Text Rendering Hates You
> Rendering text, how hard could it be? As it turns out, incredibly hard! To my knowledge, literally no system renders text “perfectly”. It’s all best-effort, although some efforts are more important than others.
I lost it at multicolored ligatures.
The (Mostly) True Story of Helvetica and the New York City Subway
> There is a commonly held belief that Helvetica is the signage typeface of the New York City subway system, a belief reinforced by Helvetica, Gary Hustwit’s popular 2007 documentary about the typeface. But it is not true—or rather, it is only somewhat true. Helvetica is the official typeface of the MTA today, but it was not the typeface specified by Unimark International when it created a new signage system at the end of the 1960s. Why was Helvetica not chosen originally? What was chosen in its place? Why is Helvetica used now, and when did the changeover occur? To answer those questions this essay explores several important histories: of the New York City subway system, transportation signage in the 1960s, Unimark International and, of course, Helvetica. These four strands are woven together, over nine pages, to tell a story that ultimately transcends the simple issue of Helvetica and the subway.
> It’s Not Wrong that “🤦🏼♂️”.length == 7 But It’s Better that “🤦🏼♂️”.len() == 17 and Rather Useless that len(“🤦🏼♂️“) == 5
> The string that contains one graphical unit consists of 5 Unicode scalar values.
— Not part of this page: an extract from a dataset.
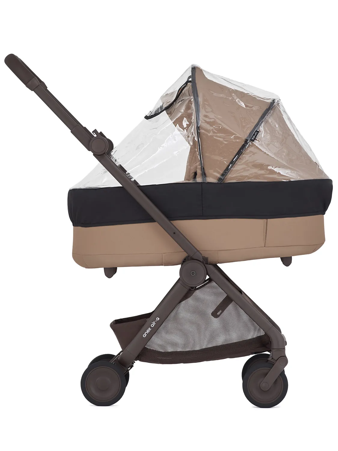 Этот легкий прозрачный дождевик идеально подходит для люльки Anex Air-Q, плотно облегая её по форме, не мешая обзору и не создавая эффекта «парника».

First, there’s a base character that means a person face palming. By default, the person would have a cartoonish yellow color. The next character is an emoji skintone modifier the changes the color of the person’s skin (and, in practice, also the color of the person’s hair). By default, the gender of the person is undefined, and e.g. Apple defaults to what they consider a male appearance and e.g. Google defaults to what they consider a female appearance. The next two scalar values pick a male-typical appearance specifically regardless of font and vendor. Instead of being an emoji-specific modifier like the skin tone, the gender specification uses an emoji-predating gender symbol (MALE SIGN) explicitly ligated using the ZERO WIDTH JOINER with the (skin-toned) face-palming person. (Whether it is a good or a bad idea that the skin tone and gender specifications use different mechanisms is out of the scope of this post.) Finally, VARIATION SELECTOR-16 makes it explicit that we want a multicolor emoji rendering instead of a monochrome dingbat rendering.
And then we move on from there, in quite some depth.
ASCII table and history
> To understand why Control+i inserts a Tab in your terminal you need to understand ASCII, and to understand ASCII you need know a bit about its history and the world it was developed in. Please bear with me (or just go the table).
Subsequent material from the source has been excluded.